When you reach the line containing "1、打開(kāi)智慧E保A" in the records below, start copying exactly, and stop once you have copied the line containing "- Heat-transfer prints".

INPUT MATERIAL:
"""
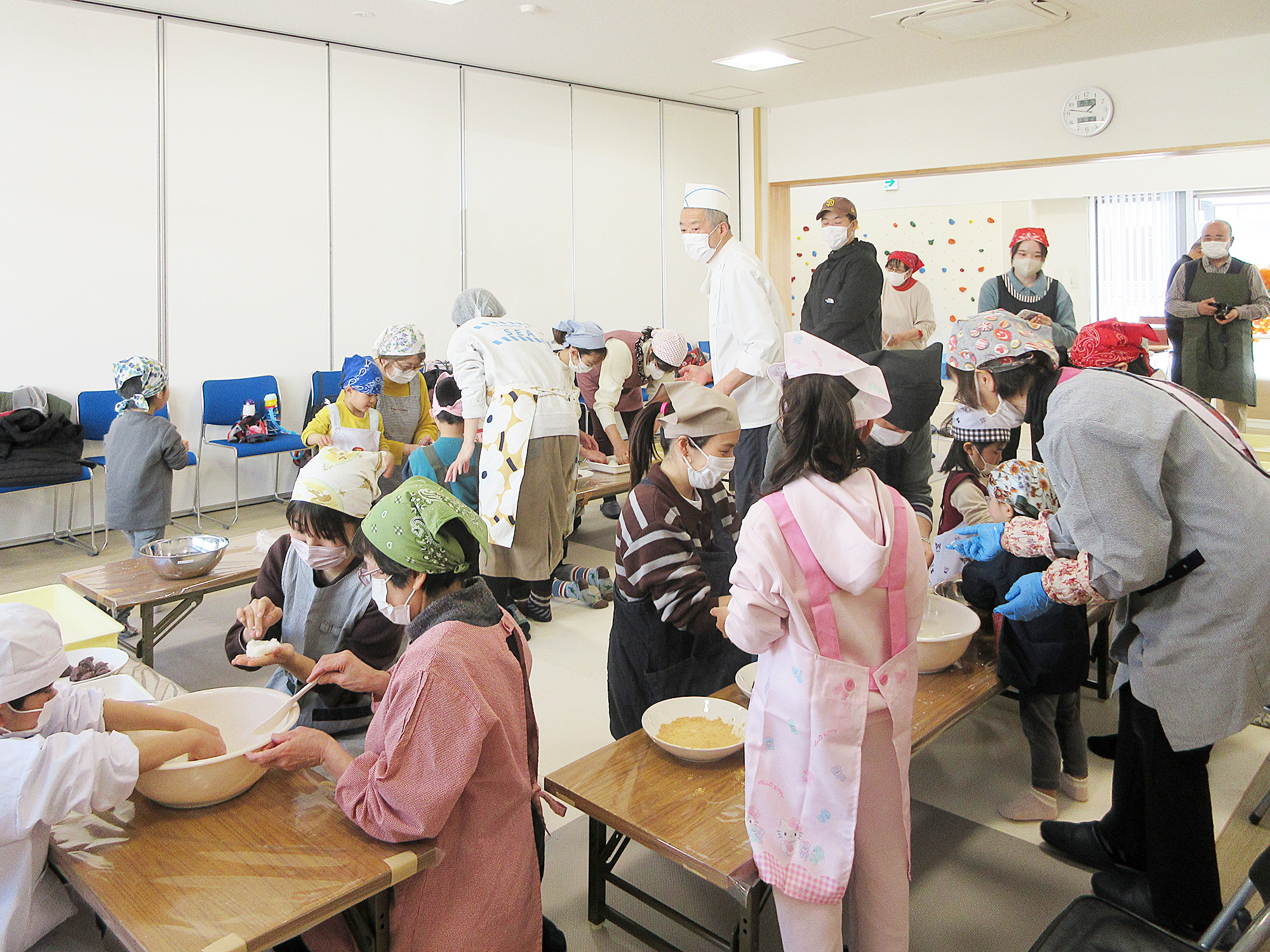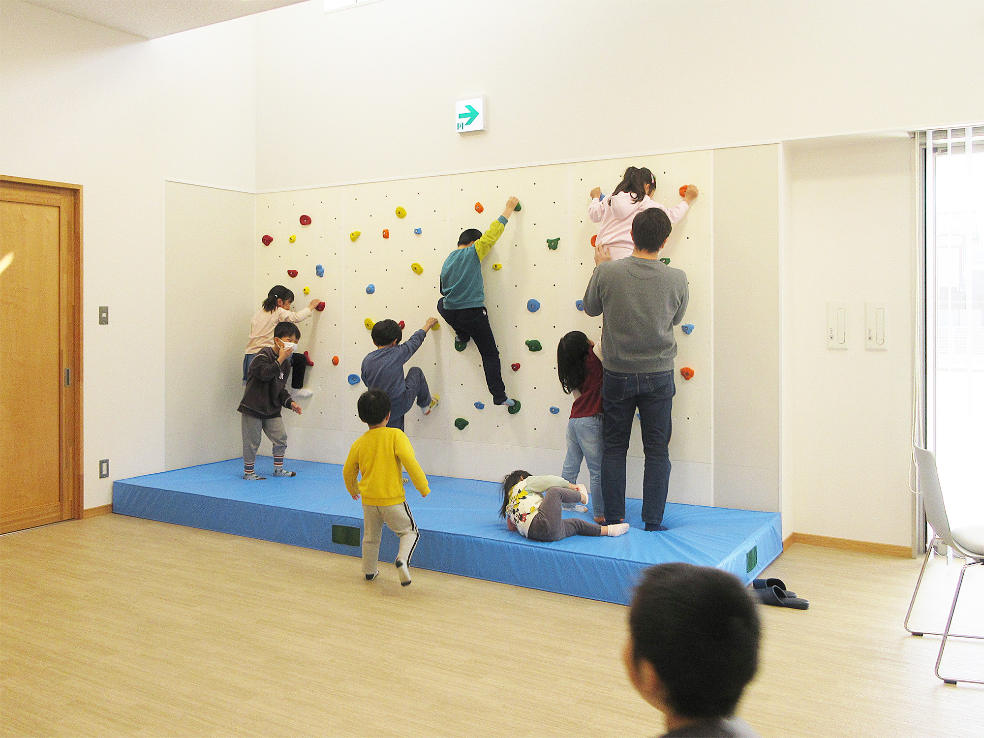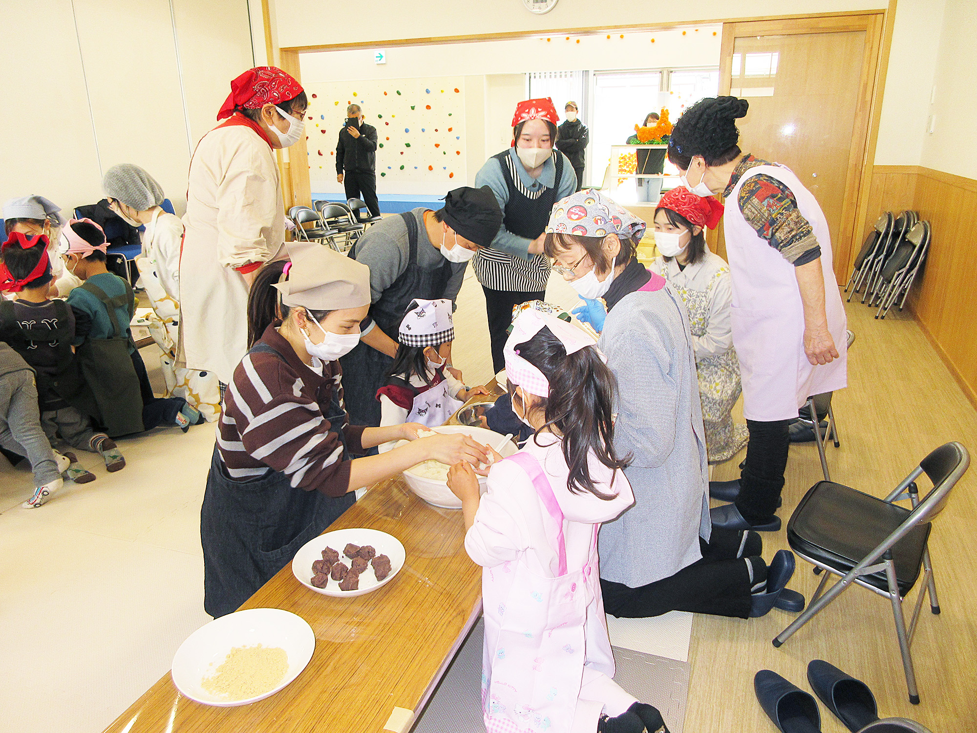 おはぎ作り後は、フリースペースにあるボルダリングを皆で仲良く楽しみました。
"""
"""
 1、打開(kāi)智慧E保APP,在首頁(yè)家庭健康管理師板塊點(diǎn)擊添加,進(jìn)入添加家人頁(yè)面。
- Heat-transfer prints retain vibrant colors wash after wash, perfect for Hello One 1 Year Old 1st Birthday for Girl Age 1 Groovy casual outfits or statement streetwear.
"""
"""
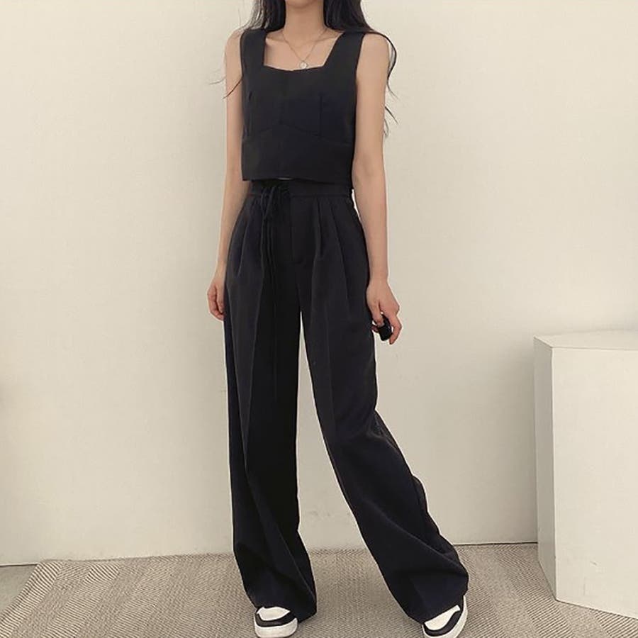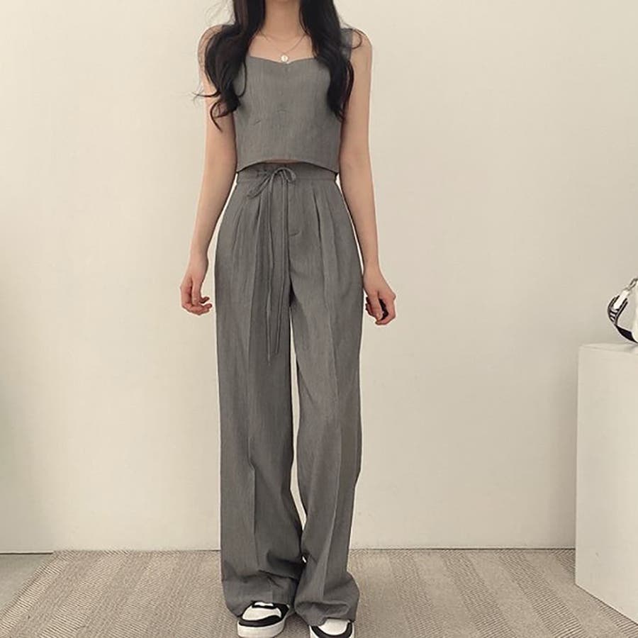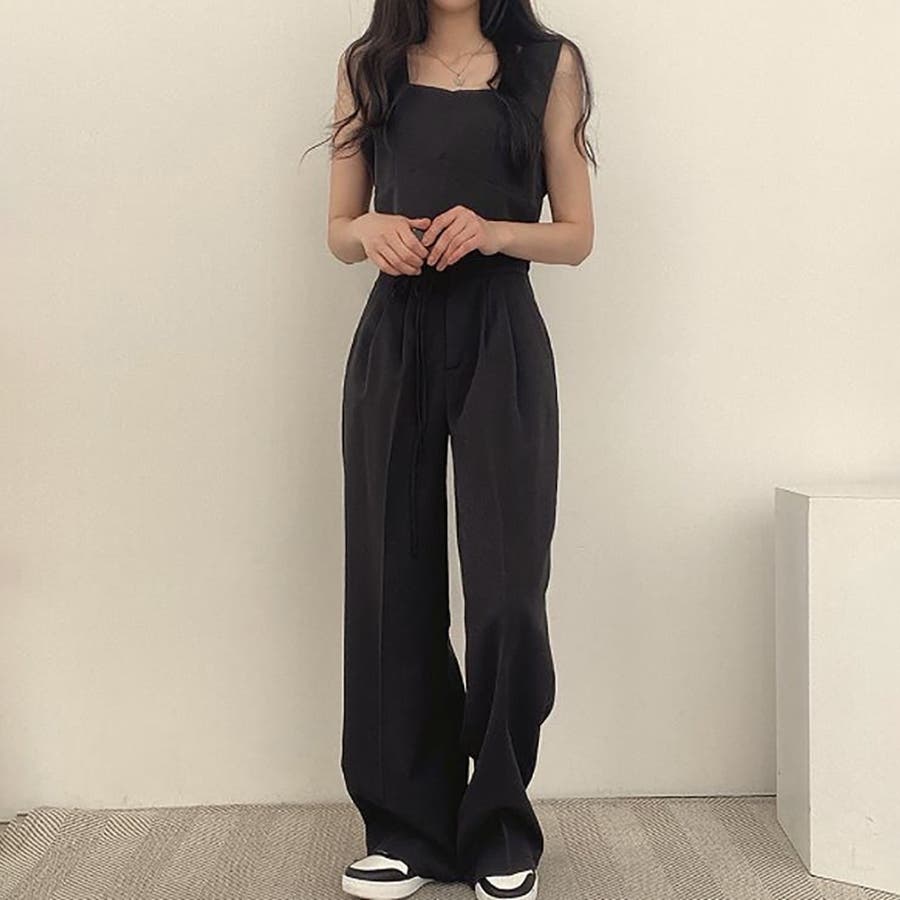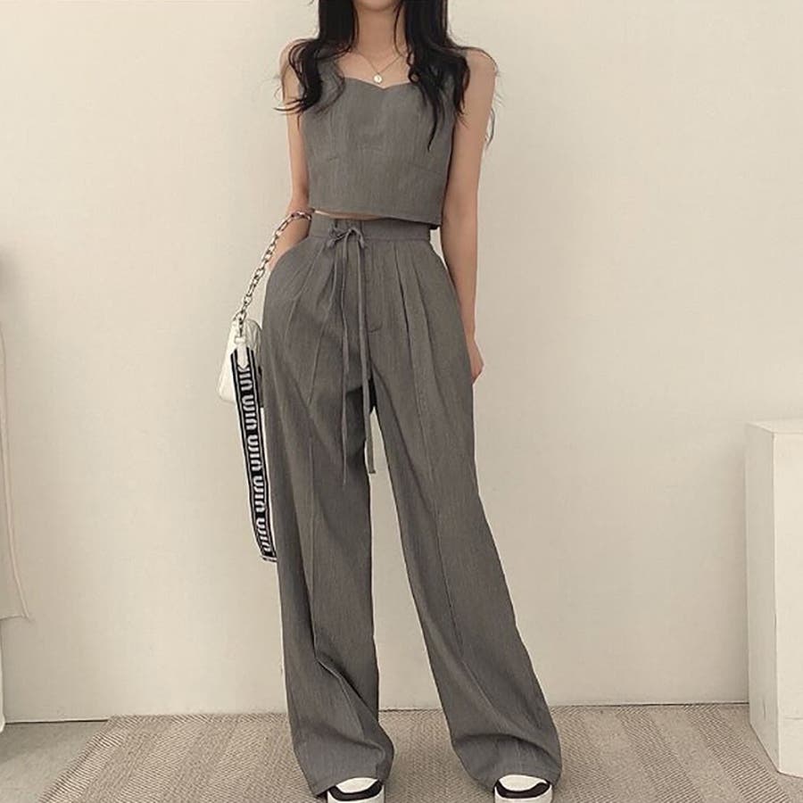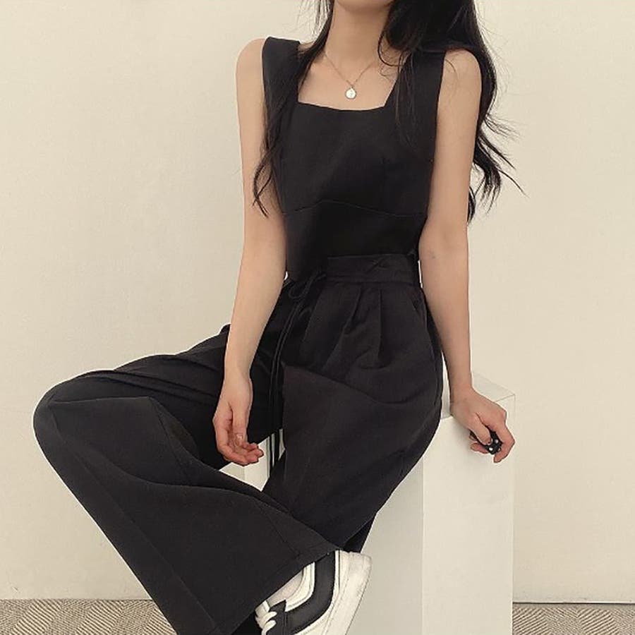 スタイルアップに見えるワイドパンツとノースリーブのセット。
"""
RESULT:
 1、打開(kāi)智慧E保APP,在首頁(yè)家庭健康管理師板塊點(diǎn)擊添加,進(jìn)入添加家人頁(yè)面。
- Heat-transfer prints retain vibrant colors wash after wash, perfect for Hello One 1 Year Old 1st Birthday for Girl Age 1 Groovy casual outfits or statement streetwear.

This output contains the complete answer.